Dean, an Air Force NAF employee, has long believed that he and other Americans hired overseas were eligible for post allowance. The allowance, paid to qualifying employees to offset the high cost of living in many overseas areas, is a tax-free pay supplement.
A DOD regulation that went into effect in 1995 said “all eligible U.S. Citizens receive Post Allowance unless they are part-time, intermittent, or U.S. family member summer/winter hire employees,” Lt. Col. Les’ Melnyk, a Defense Department spokesman, wrote in an e-mail.
But of the DOD’s six major NAF employers, only the Army paid the allowance to Americans it hired overseas for full-time NAF positions. The Army and Air Force Exchange Service — the DOD’s largest NAF employer — along with the Navy Exchange Service Command; Commander, Navy Installations Command; Air Force Morale, Welfare and Recreation; and the U.S. Marine Corps haven’t been paying the allowance.
It’s unclear how many employees will be affected, though Dominguez has directed the NAF employers to determine how many and which employees are eligible.
In addition to future payments, Dominguez also “advised that the Department will develop guidance for employee claims for backpay,” Melnyk wrote.
Employees will be able to make claims going as far back as Dec. 1, 2001, according to Melnyk, but it’s unclear yet just who will qualify.
“Details on claims procedures, including filing time limits and evidence necessary for claimants to prove claims, will be forthcoming,” he wrote.
The e-mail did not say why the DOD chose the Dec. 1, 2001, date.
Melnyk was unable to provide an exact date when employees will start to see the allowance in their checks, but did say it would likely be “a matter of weeks.”
NAF employees “fall under different payroll systems,” he said. The services “have been asked to certify which NAF employees are eligible for post allowance, after which they will have to adjust their pay systems,” before the allowance can be paid.
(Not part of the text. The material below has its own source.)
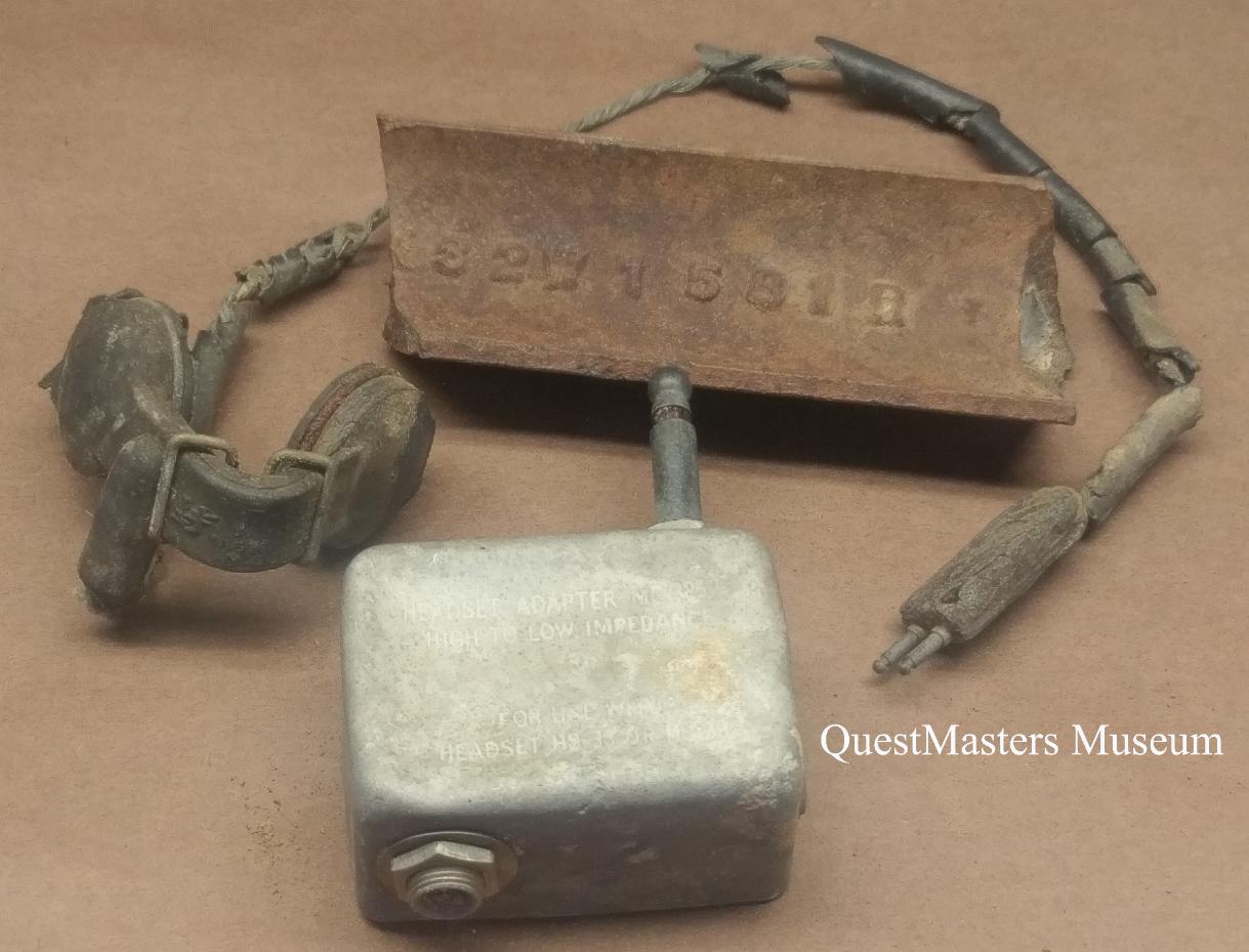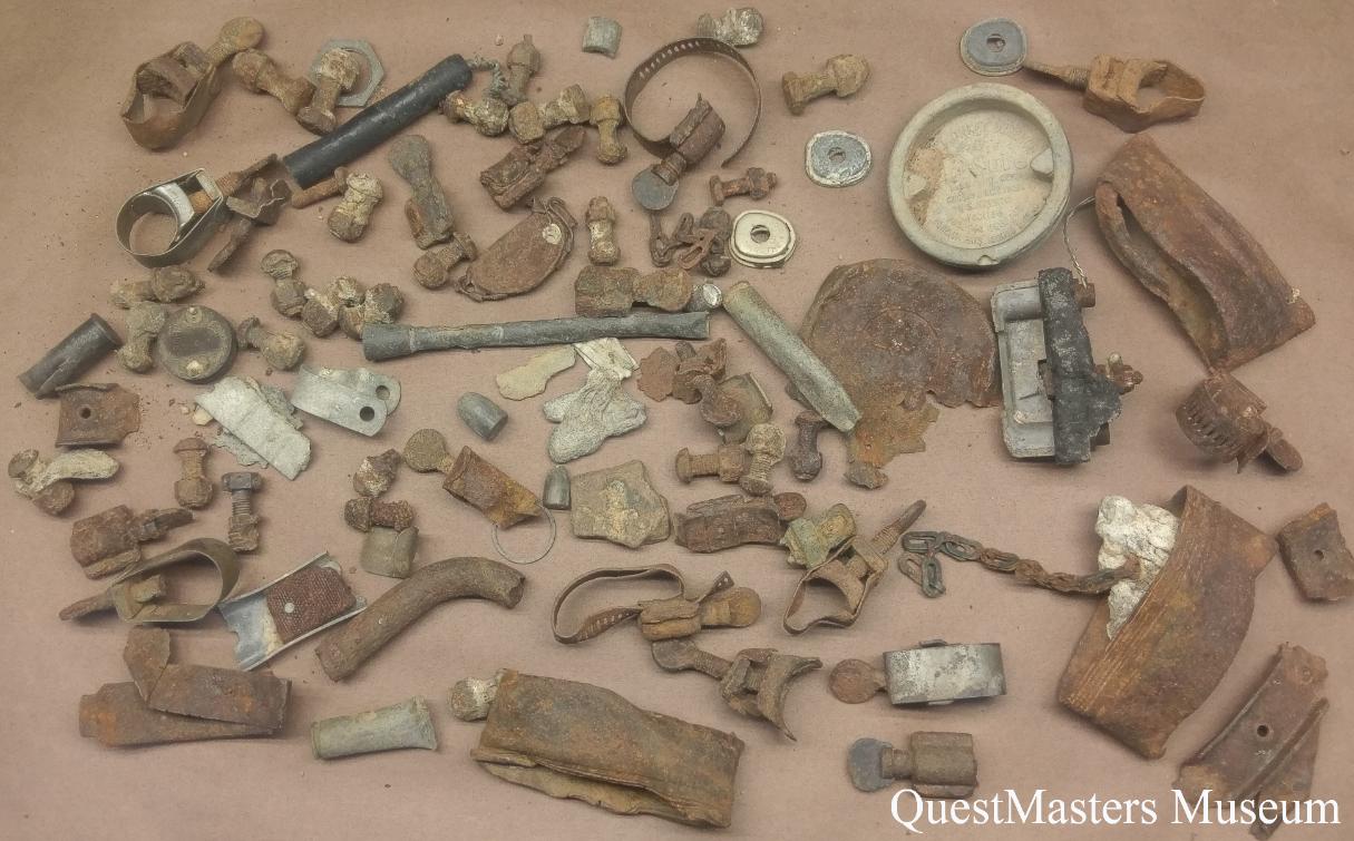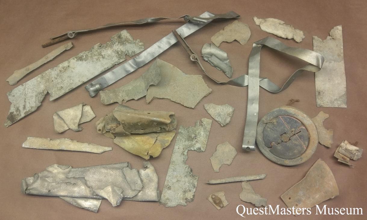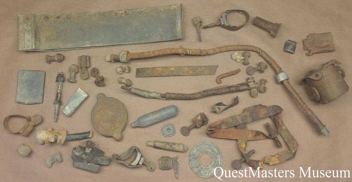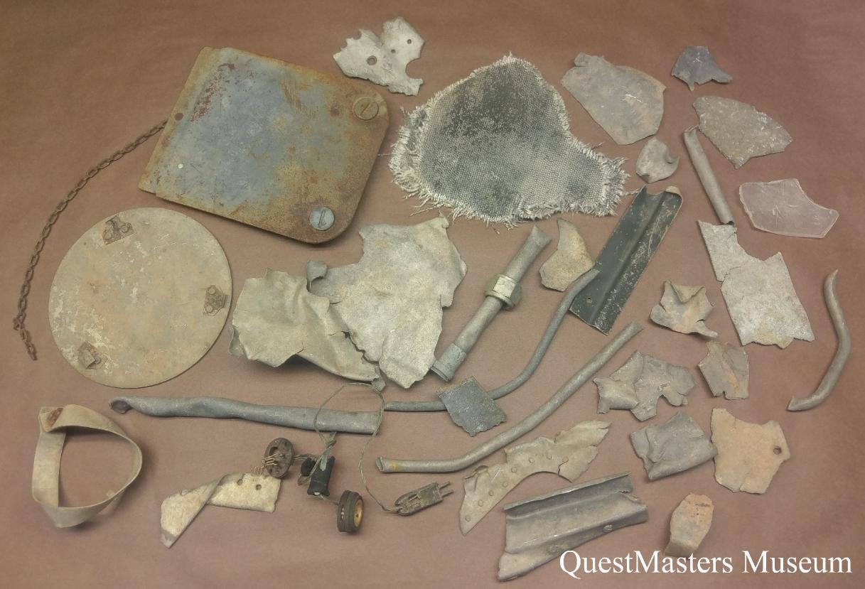 | Small fragile WWII aircraft pieces from Depot 41, Kingman Army Air Field, above photo. For very small fragile artifacts to survive in the open desert for 70 years is amazing. The two square mile area to the south of Kingman Army Air Field had heavy movement across it between 1946 and 1948, processing over 5,000 aircraft for on-site destruction and smelting. The two square mile search area, roughly 900 football fields in size, that was searched by QuestMasters between 2015 and 2017, yielded many small historic WWII artifacts from combat-used aircraft. The fragile small artifacts, shown above, are a WWII aircraft gun turret nomenclature plate, above left; two WWII AN 6029-1 Oxygen Flow Indicator Nomenclature Plates, bottom center; an unbroken WWII aircraft instrument panel illumination bulb, center of photo; and a Norden Bombsight Tangent Scale for the bombing computer. This Tangent Scale was part of the Bombardiers carry-on equipment, that was held in a wooden case, for calculations for each bomb load. This scale was left behind in one of the combat aircraft that was destroyed at Kingman, and fell from the aircraft into the desert when it was cut apart. These artifacts were found by QuestMasters in 2015 and 2017. |

Rates at which the allowance is paid change as often as every two weeks based on the exchange rate, and are also affected by off-base shopping patterns and the costs of overseas goods. Dean, for example, could expect to take home roughly $16,000 extra this year in post allowance at the current rate set for Germany.
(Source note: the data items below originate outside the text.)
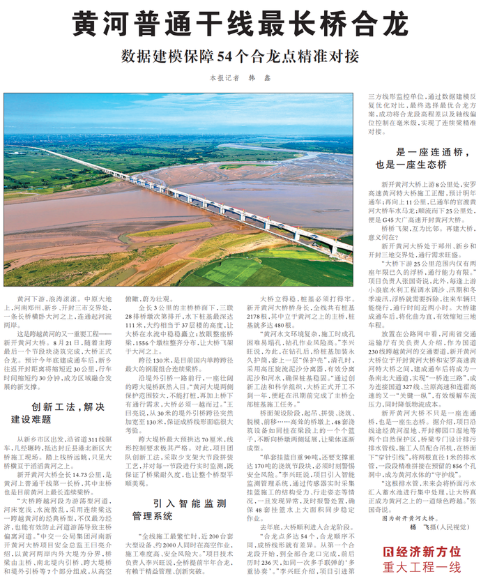 黄河下游,浪涛滚滚。中原大地上,河南郑州、新乡、开封三市交界处,一条长桥横卧大河之上,连通起河流两岸。(今日《人民日报》2版)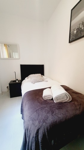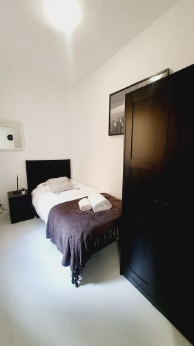 – Con cama de 90cm, cabecero y armario. También mesita de noche con lamparilla.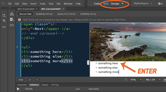Hi. Recently came back to DW for coding and I'm so very pleasantly surprised. New functionality, Emmet functionality, super! But have one issue in Emmet... while "tab" expands HTML abbreviations correctly for me, what I'm used to from other code editors is then being able to tab in between tag wrappers so I can easily jump from <li> to <li> for example. But in my case tab is expanding my first content into a tag for that content, instead of going say from <li> to <li>. Is there a setting for this behavior or a temporary disable of tab expansion? Example: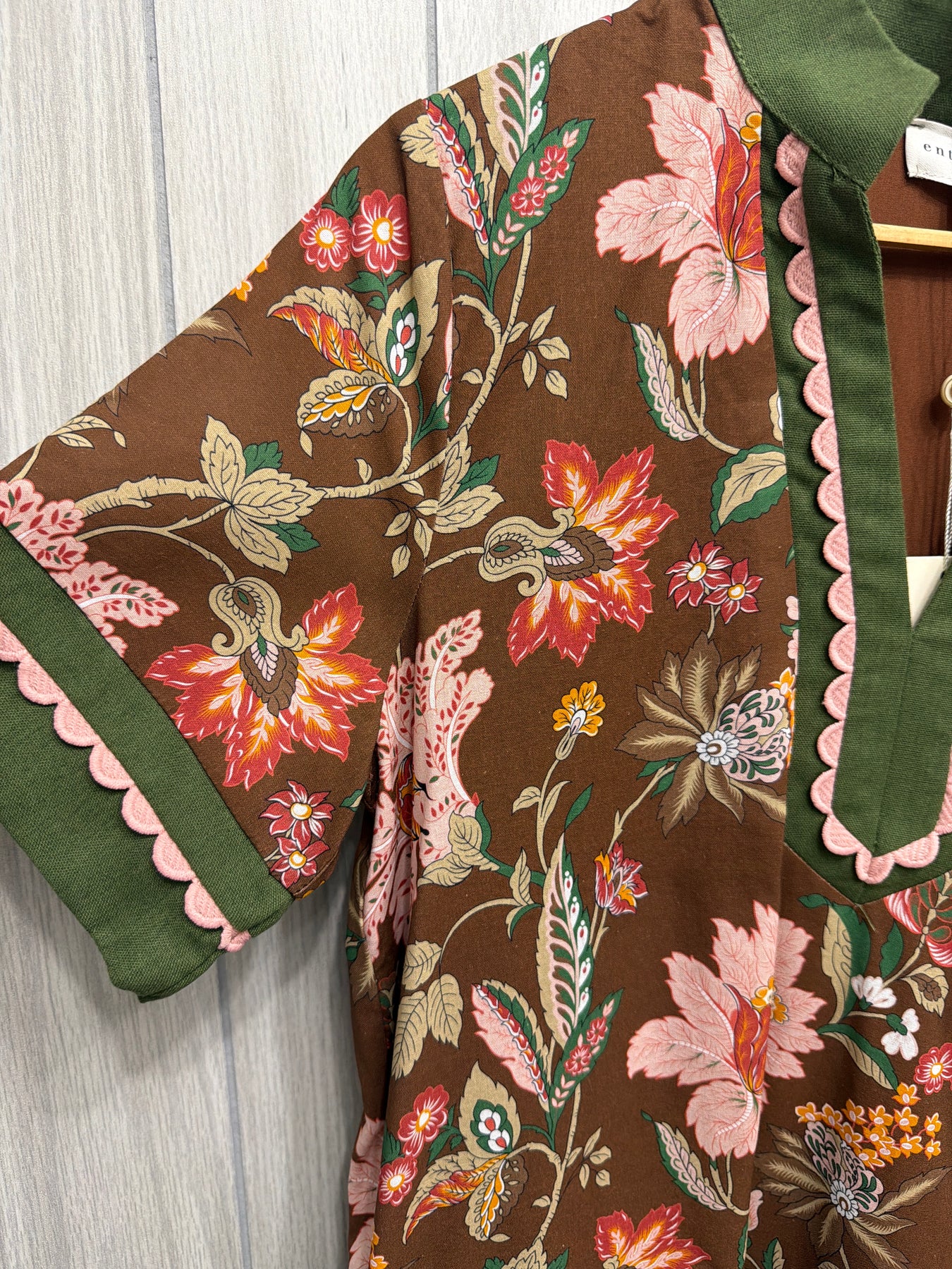 The contrast olive green trim at the collar, cuffs, and hem is accented with the most darling pink scalloped detail—bringing a charming, boutique finish to this easy-to-wear favorite. A mandarin-style collar and notched V-neckline draw the eye upward, while the loose-fitting shape flows beautifully over curves for a comfortable, confident fit.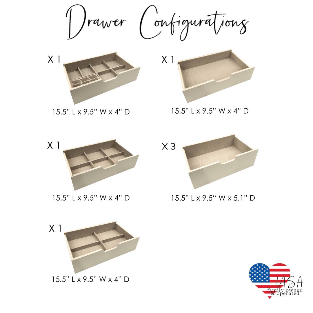 The Chelsea Jewelry Armoire is the perfect, transitional-styled storage cabinet to house your entire jewelry collection. The beautiful, mirrored front doors paired with the sleek metal hardware offset the rustic, taupe mist finish of this jewelry armoire, making the Chelsea versatile and timeless. The two front doors open to reveal 8, double-tiered jewelry hooks, designed to keep your necklaces neatly tucked away and tangle-free. 7 spacious drawers are all lined with anti-tarnish felt to protect and maintain the integrity of whatever jewelry items are housed within. Within these drawers, you’ll find a variety of storage configurations from divided compartments to open storage space, you are sure to discover the perfect home for each bracelet, bauble, and more. Lift the lid, and you will see a vanity mirror, ring rolls, additional compartments, and a cord management hole, allowing you to charge your devices while keeping charging cables neatly hidden away. After you have found the perfect accessories to complete your look, simply close the double doors and your entire collection will be beautifully out of sight.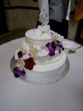 ご注文を頂いたのは3ヶ月ほど前。250人の大きな式だったので、作ろうかまよったのですが、せっかく頂いたチャンス。作らせていただきました。 ケーキは3段のストロベリーショートケーキというリクエストでした。他に、大きなケーキをお客さま用に。 デコレーションは式のフラワーリストがするので、3段のケーキのみ作ってくださいということでした。 3段ケーキの一番したの大きさは40センチ直径くらい。大きなケーキでした。 自分の作ったケーキで人が結婚するというのは、とてもうれしかったです。これを本職にしていきたいと思いましたね。 ピンクとか花とか繊細なかわいいケーキを作りたい~。 末永くお幸せに。。。

Still he’s wary that everyone who thinks they might be eligible for the allowance are going to get it. He checked his employment form, and there’s a check in a box marked “full-time.”
Not all are so lucky, though.
“All of my staff are marked part time, even though they work 40 hours,” he said, adding many of them have worked steady 40-hour work weeks for him for years.
Details of whether they would be eligible for the allowance were not known Thursday.